I understand that it is difficult and emotionally almost impossible to dump your home. It's easy to jettison your stocks. And for most people, it's close to impossible to get rid of your debts.
The current bear market correction against the primary trend is now about one year old. As I see it, this correction is getting rather old, and it would not surprise me to see this bear market correction end at any time.
I also see the current market advance being referred to openly as "a new bull market." This type of hype will serve to bring the investing in, which, of course, is exactly what the bear wants.
I was particularly struck by today's lead editorial in the cheerleading Wall Street Journal. The editorial starts, "The good economic news keep coming. Yesterday's reports included bullish growth for September and early October from 10 or 12 Federal Reserve districts, and another spate of sharply higher corporate earnings. Sooner or later this is going to be noticed by the American electorate, perhaps even by the Democrats running for president."
And my comment was yes, signs of improvement -- but at what a cost! Tens of billions added to the national debt, massive inflationary increase in the money supply, consumers loading up with even more debt, the worth of the dollar increasingly in doubt, and inflation picking up again.

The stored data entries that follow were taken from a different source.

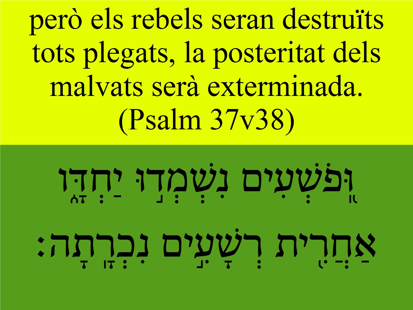 Psalm 37v38 però els rebels seran destruïts tots plegats, la posteritat dels malvats serà exterminada. וּֽ֭פֹשְׁעִים נִשְׁמְד֣וּ יַחְדָּ֑ו אַחֲרִ֖ית רְשָׁעִ֣ים נִכְרָֽתָה׃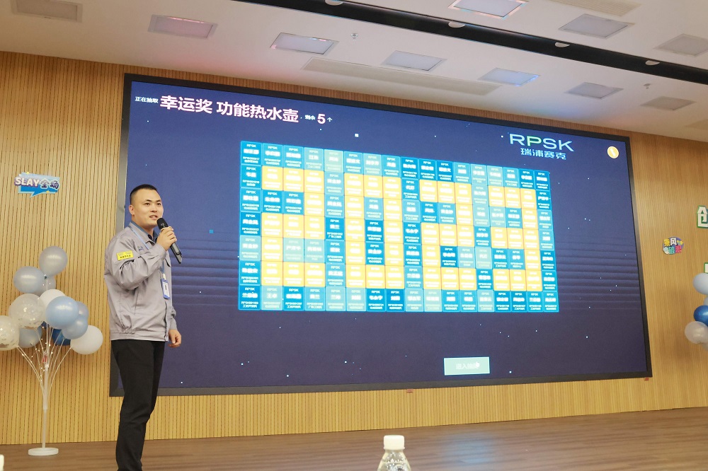 迎新会上,老员工代表分享了自己在公司的工作感想和生活体会,同时结合自身经历鼓励新员工们在未来的工作生活中要勇往直前、不畏困难。抽奖环节,财务总监李雪林、质量保障部副总监王清祥、技术中心副总监王绪向分别为员工抽出了一二三等奖,让新员工们收获了丰富多样的礼品。互动环节,公司领导与员工一同参与“拍拍舞”环节,拉近了彼此之间的距离,现场呈现一片其乐融融的氛围。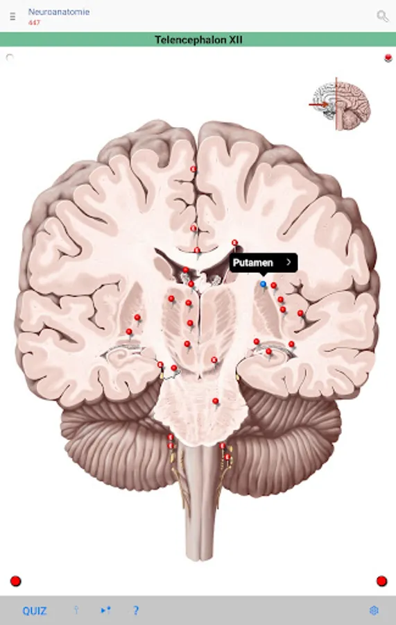 • Quiz: quiz anatomical designations on individual cards or entire groups of cards (e.g. all cards marked in yellow).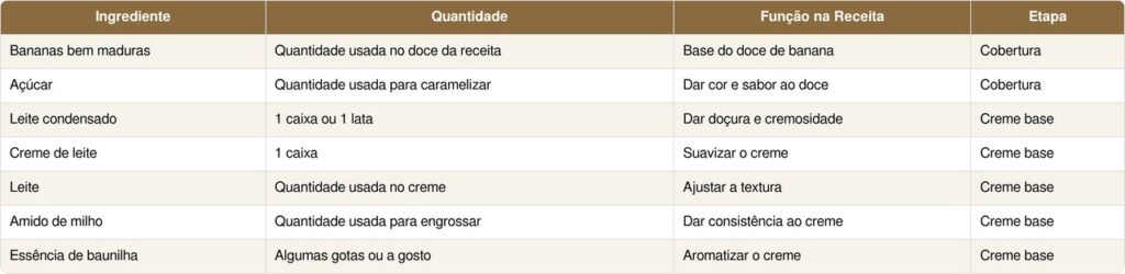 A tabela organiza os ingredientes usados nas duas etapas da receita e ajuda a visualizar melhor a função de cada item. Dessa forma, o preparo fica mais fácil e o resultado tende a sair mais equilibrado.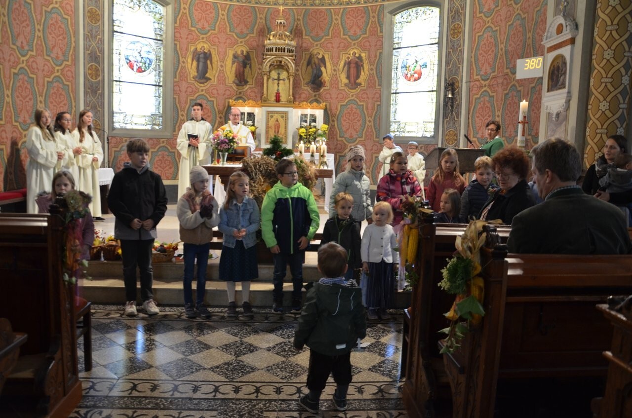 Für die Kinder gestaltete Fr. Helga Hornbachner mit ihrem Team eine eigene, liebevoll vorbereitete Kinderliturgie, die den jungen Teilnehmern das Thema des Dankens auf anschauliche Weise näherbrachte. Die Chorgemeinschaft Kematen-Gleiß umrahmte die Festmesse musikalisch und trug so zu einer besonders feierlichen Stimmung bei. Ein herzliches Dankeschön gilt auch der Landjugend Kematen, die beim Tragen der prächtigen Erntekrone tatkräftig mitwirkte.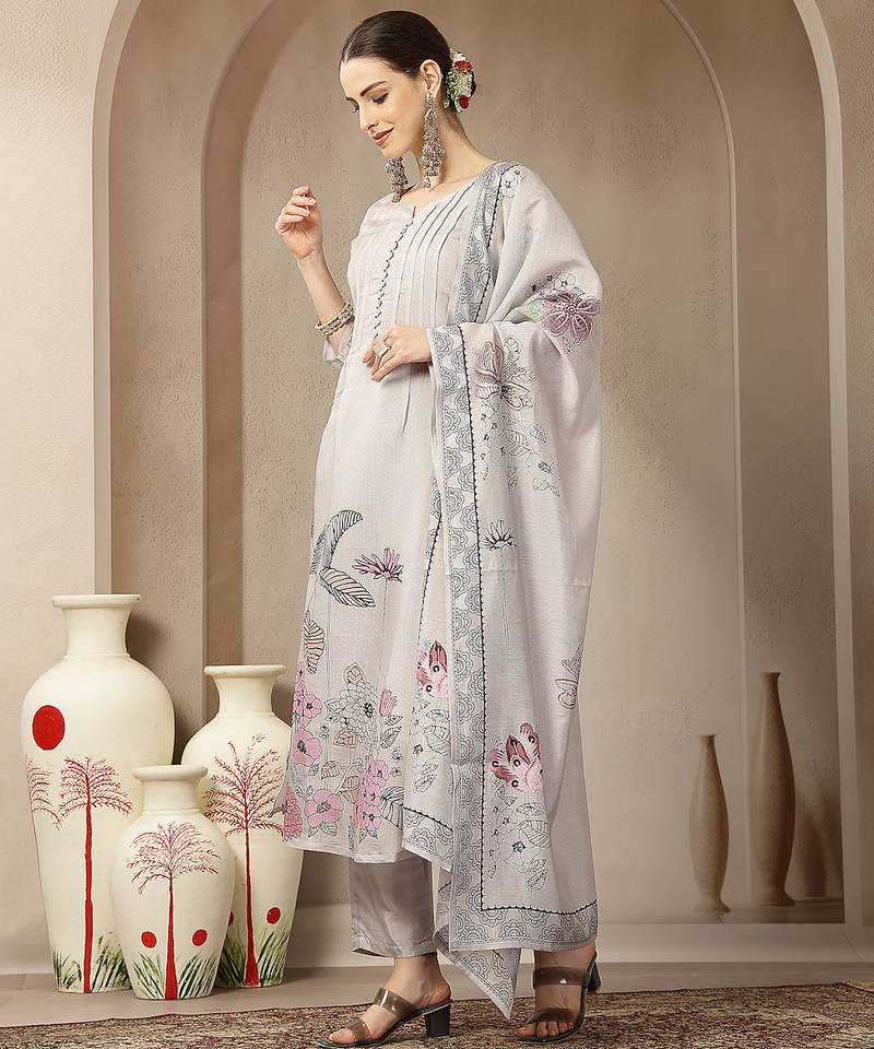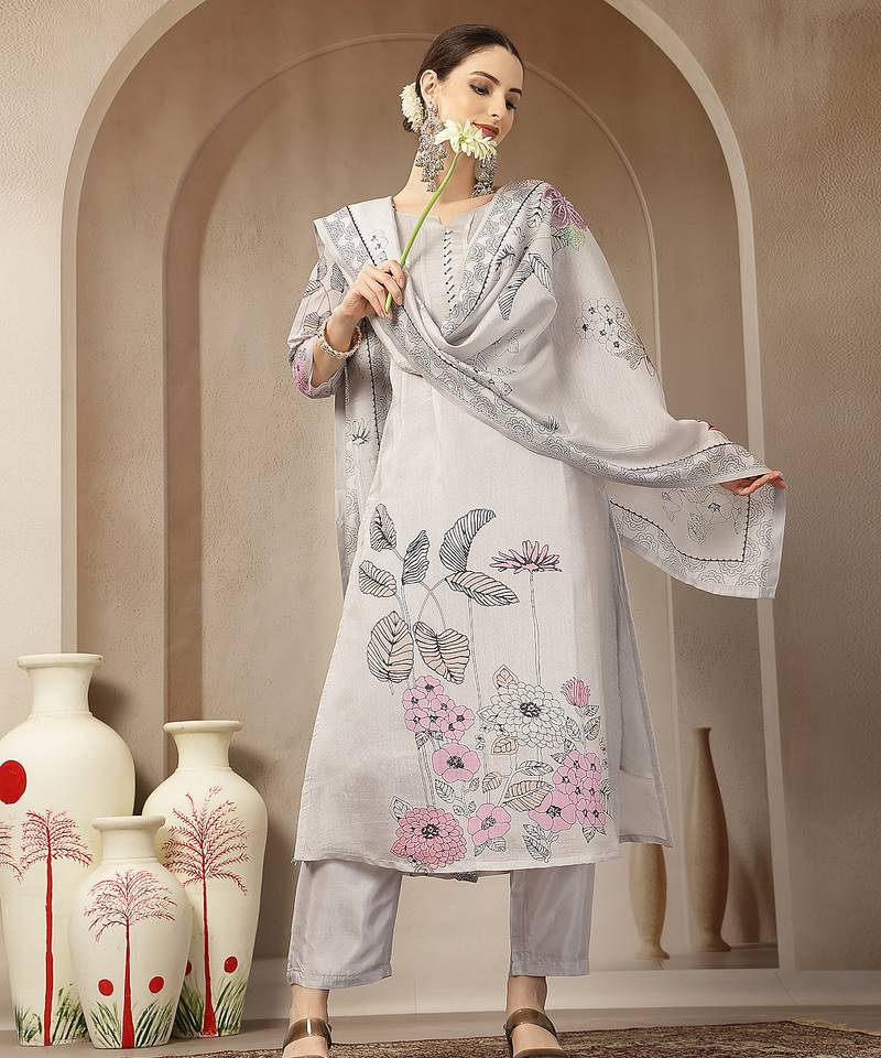 | Product Name | Mul Chanderi Light Grey Kurta Dupatt Pant Set | |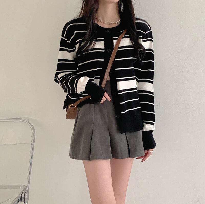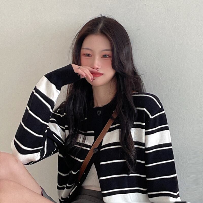 スタンダードストライプセーター ジャケット レディーススプリングルーズカーディガン ロング レトロ 春物 モンロー95565647545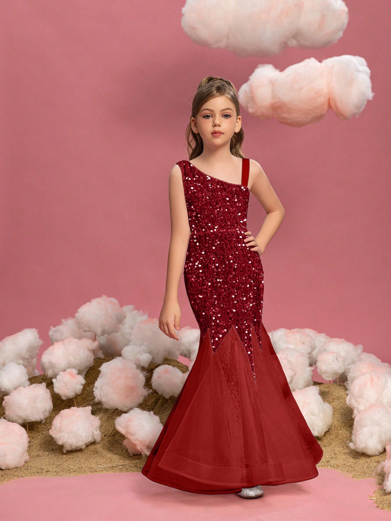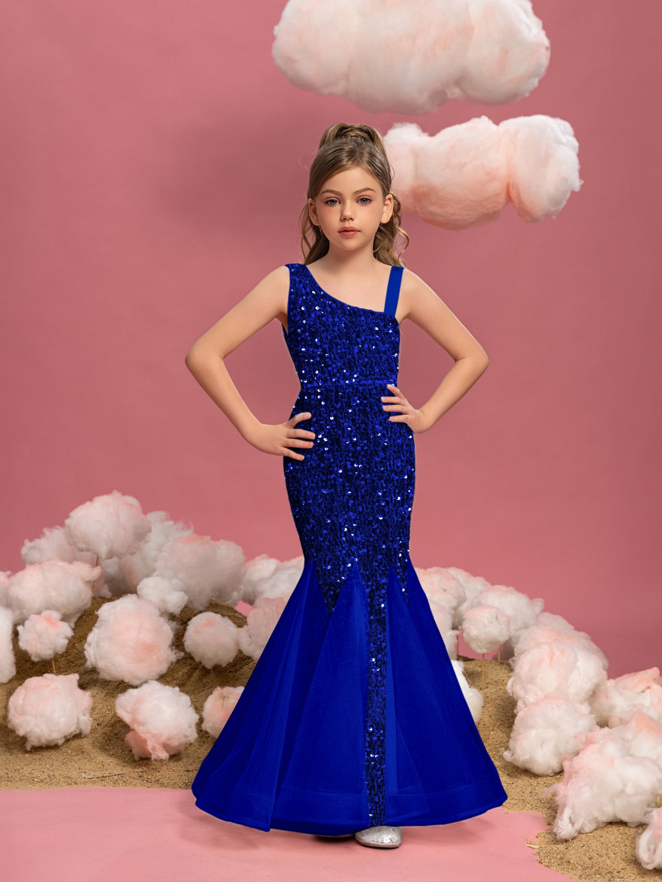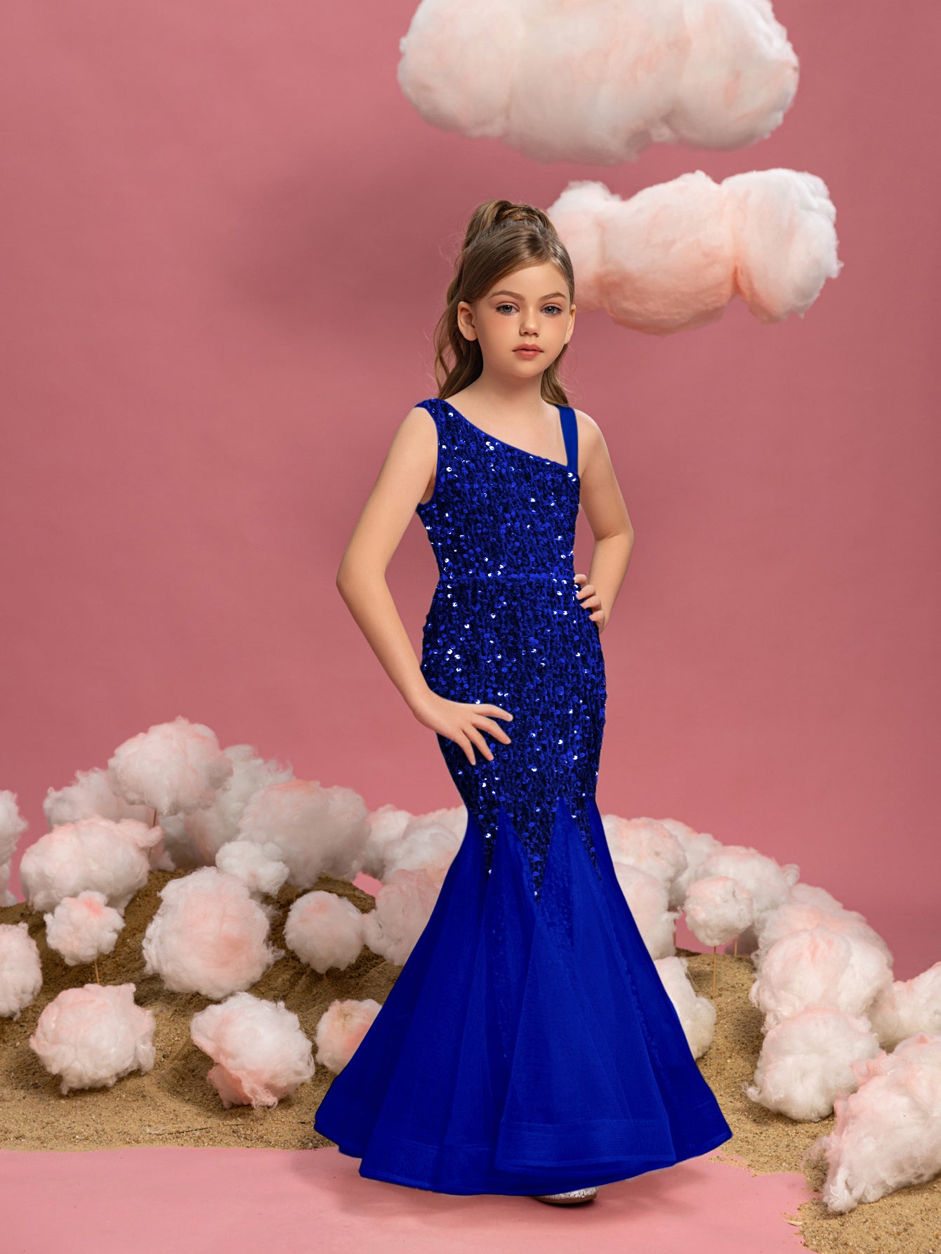 Captured in this dress is the enchantment of a whimsical tale, where every sequin is a note in an ode to the merriment of childhood soirees. The form-fitting bodice flares into a flowing tulle train, giving the illusion of a fairy-tale gown, ready to make an unforgettable entrance. It's a delightful ensemble for those magical moments, be it a performance or a festive celebration, allowing the wearer to revel in the limelight and create unforgettable memories.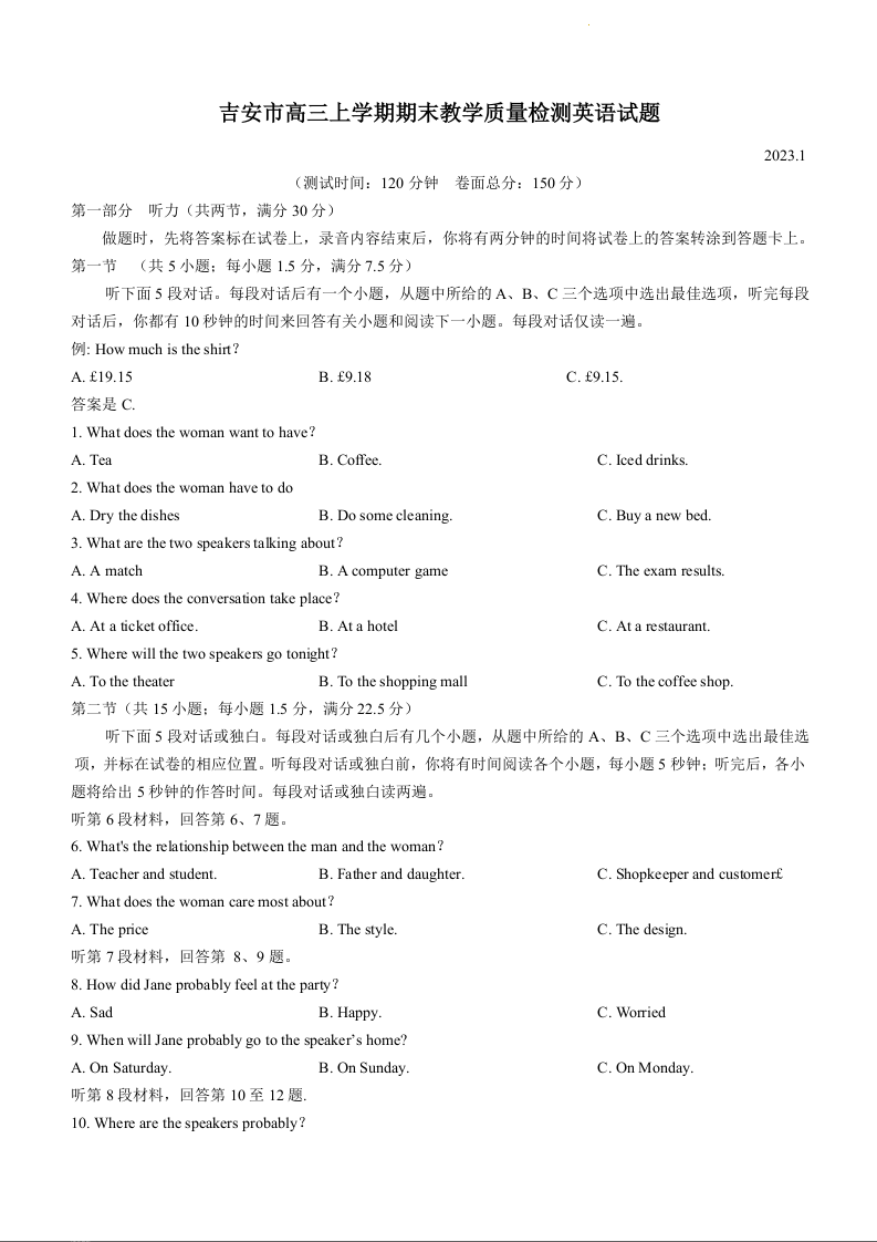 高三英语+答案--江西省吉安市2023高三上学期1月期末质量检测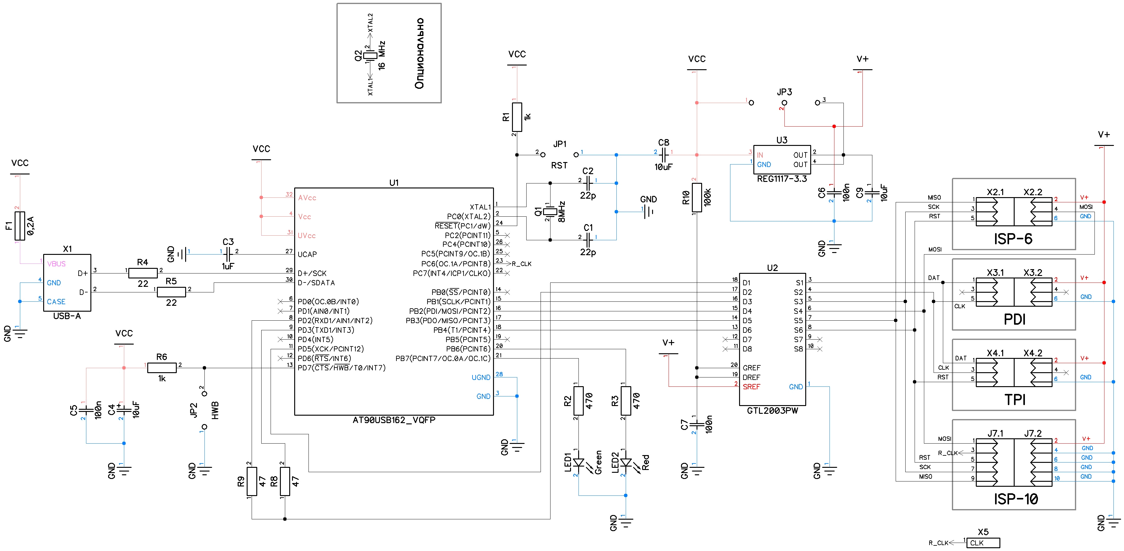 PS нашел почему то не в данной теме, а на другом ресурсе. быстрое переключение между USB-драйвером Jungo (который под Windows в составе AVR Studio) и LibUSB (через который под Windows работает AVRDUDE). Двойное мигание светодиодами при сбросе покажет, что работает драйвер Jungo, а если было четыре вспышки, то активен драйвер LibUSB.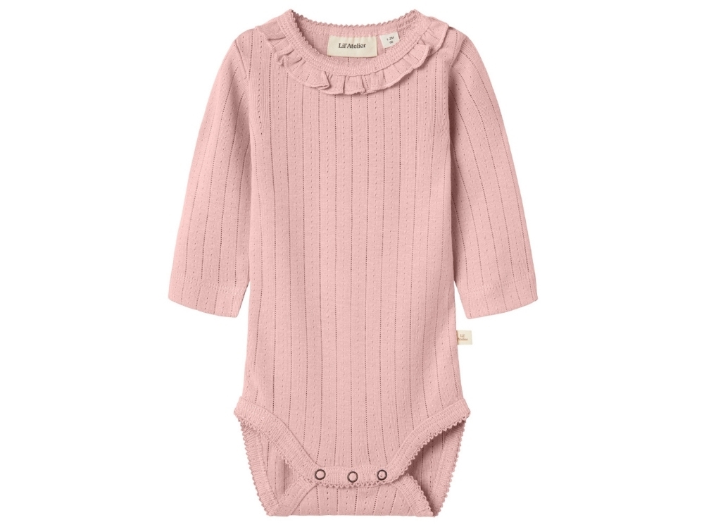Body in pink shade from Lil' Atelier featuring a frilled collar and delicate eyelet rib texture. It has long sleeves and snap buttons at the shoulder and bottom for easy dressing.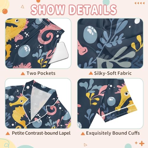 ALAZA Seahorse Leaves Navy Blue Satin Pajamas Set Short Sleeve Button Down Sleepwear Summer Pjs 2 Piece 2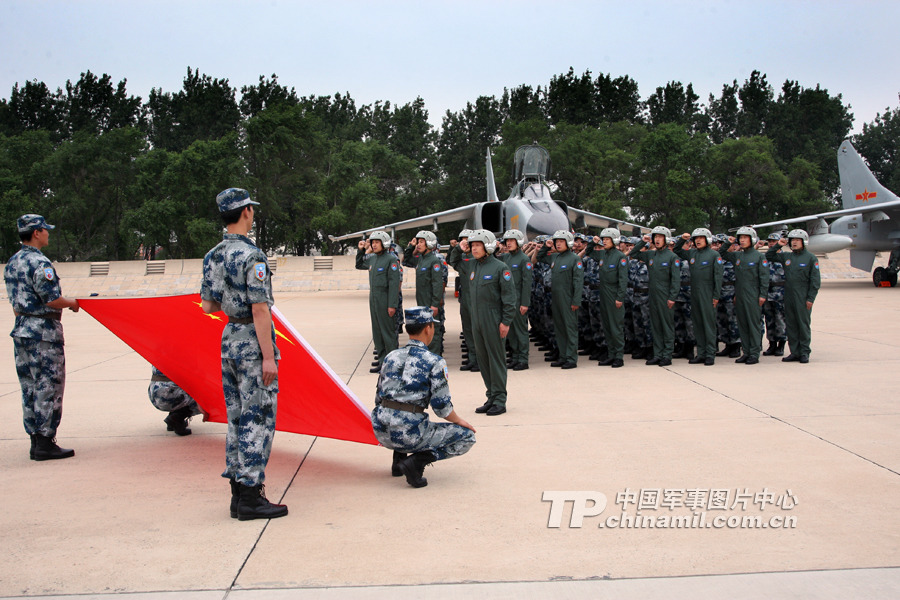7月27日,參加中俄聯演的空軍戰斗群官兵出征前在國旗前集體宣誓,立志圓滿完成聯演任務,為祖國爭光。曹占禮攝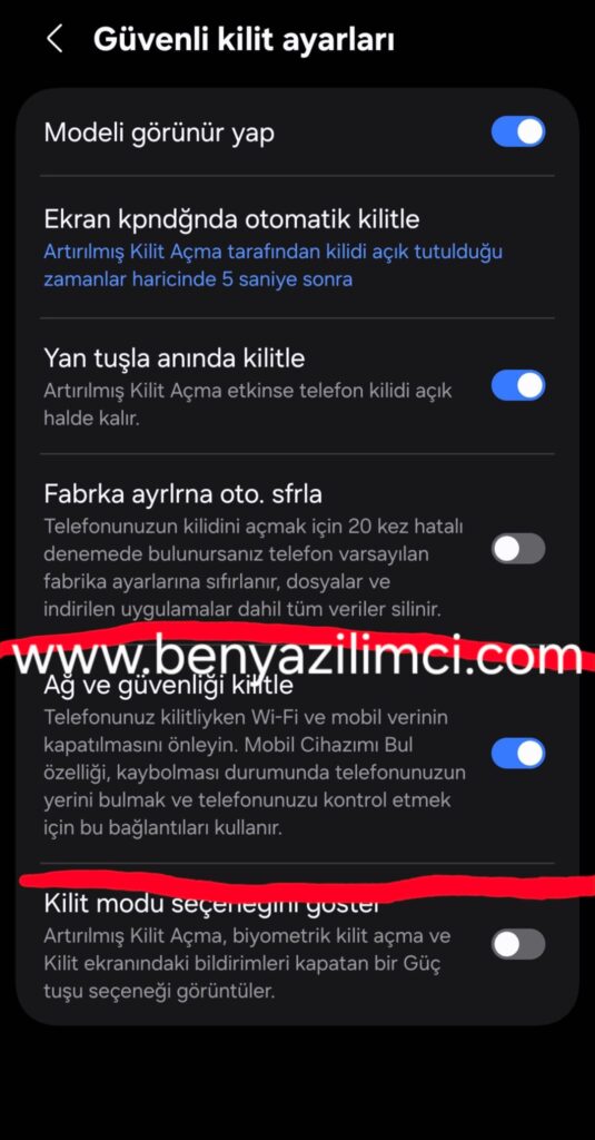 Daha sonra açılan ekranda “Güvenli Kilit Ayarları” seçeneğini bulalım ve bu seçeneğe tıklayalım.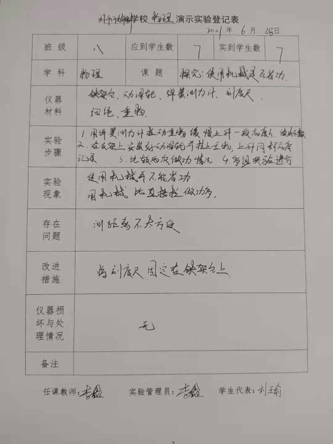 实验登记表

All this to insure that the Bush administration has another go at it -- a second term? All this manipulation so the Fed can claim that it has "avoided a recession"? None of this seems to bother the cheerleading
Wall Street Journal. All it means to me is that I have to read the Financial Times if I really want to know what's going on.
Next --
I really hesitate to write the following, because it's bad for Wall Street, bad for business, even bad for my own business. But what the hell -- I'll be 80 in July, and when you're over 75 there's a law (I think it's included in the Constitution) that says that you can say anything you want and you can't be sued.
Here's what I'm going to say. The average person should not be in the stock market. The reason is that over time the average person loses money in the stock market. Look, we've had the greatest bull market third phase in history, running from the mid-1990s to the year 2000.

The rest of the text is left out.